BEGIN MATERIAL PROVIDED
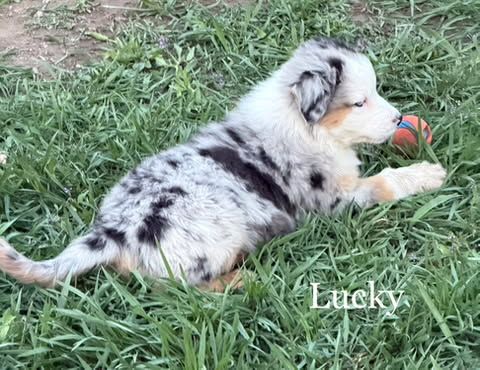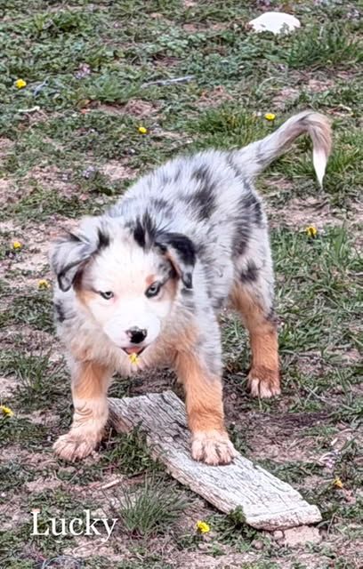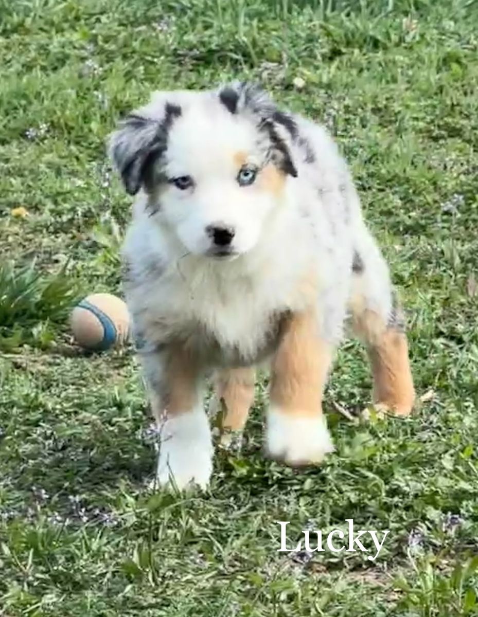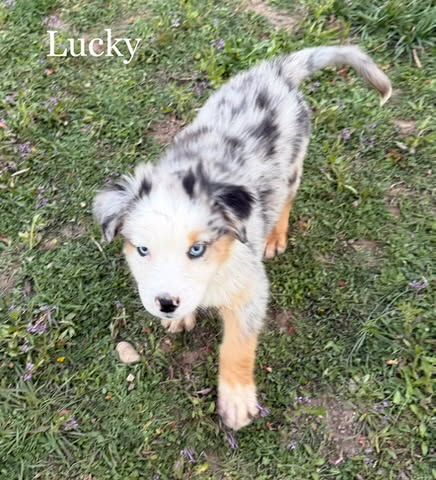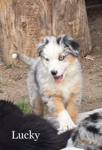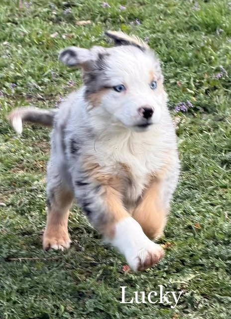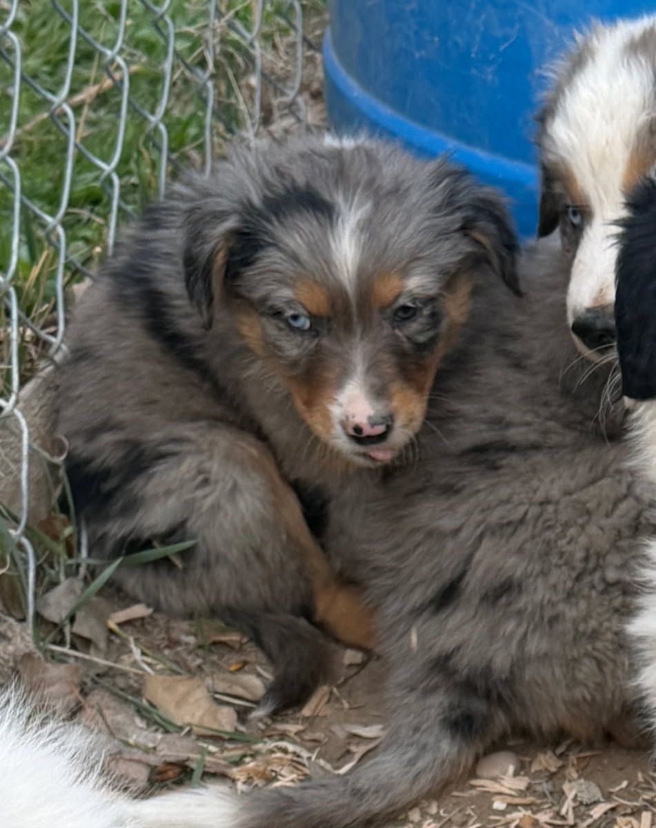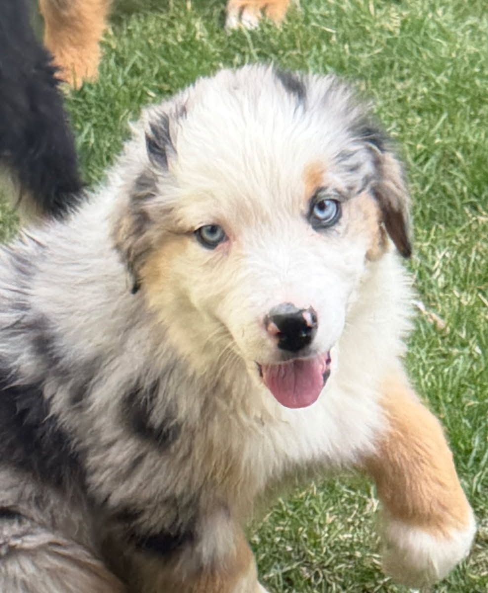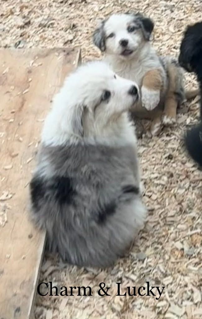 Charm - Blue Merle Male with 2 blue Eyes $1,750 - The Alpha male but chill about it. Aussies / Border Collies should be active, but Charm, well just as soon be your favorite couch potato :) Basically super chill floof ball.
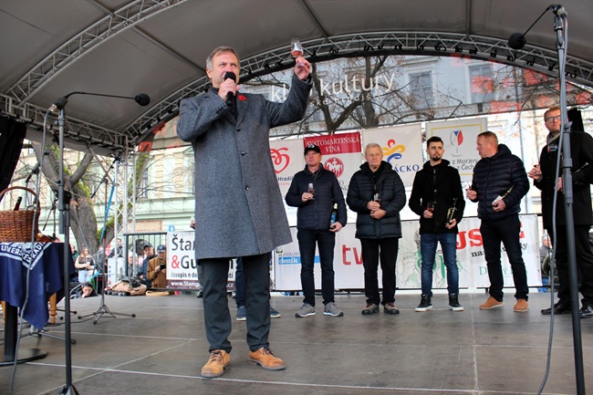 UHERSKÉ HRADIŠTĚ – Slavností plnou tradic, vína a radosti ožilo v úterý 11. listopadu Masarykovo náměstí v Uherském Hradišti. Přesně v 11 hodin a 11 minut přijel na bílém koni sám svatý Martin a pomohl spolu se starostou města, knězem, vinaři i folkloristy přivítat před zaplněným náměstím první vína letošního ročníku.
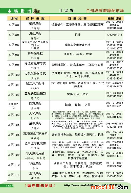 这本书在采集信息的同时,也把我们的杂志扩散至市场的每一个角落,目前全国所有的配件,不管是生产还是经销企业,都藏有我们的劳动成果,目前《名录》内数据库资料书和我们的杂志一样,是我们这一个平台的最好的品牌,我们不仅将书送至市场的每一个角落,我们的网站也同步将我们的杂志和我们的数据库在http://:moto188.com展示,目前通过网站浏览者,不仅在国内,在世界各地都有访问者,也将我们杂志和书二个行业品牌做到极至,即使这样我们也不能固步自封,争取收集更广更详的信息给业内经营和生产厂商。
END MATERIAL PROVIDED
» **TASK INSTRUCTIONS**: In the copy, keep every line of the data above exactly and drop each picture.

» **EXERCISE RESULT**:
 Charm - Blue Merle Male with 2 blue Eyes $1,750 - The Alpha male but chill about it. Aussies / Border Collies should be active, but Charm, well just as soon be your favorite couch potato :) Basically super chill floof ball.
 UHERSKÉ HRADIŠTĚ – Slavností plnou tradic, vína a radosti ožilo v úterý 11. listopadu Masarykovo náměstí v Uherském Hradišti. Přesně v 11 hodin a 11 minut přijel na bílém koni sám svatý Martin a pomohl spolu se starostou města, knězem, vinaři i folkloristy přivítat před zaplněným náměstím první vína letošního ročníku.
 这本书在采集信息的同时,也把我们的杂志扩散至市场的每一个角落,目前全国所有的配件,不管是生产还是经销企业,都藏有我们的劳动成果,目前《名录》内数据库资料书和我们的杂志一样,是我们这一个平台的最好的品牌,我们不仅将书送至市场的每一个角落,我们的网站也同步将我们的杂志和我们的数据库在http://:moto188.com展示,目前通过网站浏览者,不仅在国内,在世界各地都有访问者,也将我们杂志和书二个行业品牌做到极至,即使这样我们也不能固步自封,争取收集更广更详的信息给业内经营和生产厂商。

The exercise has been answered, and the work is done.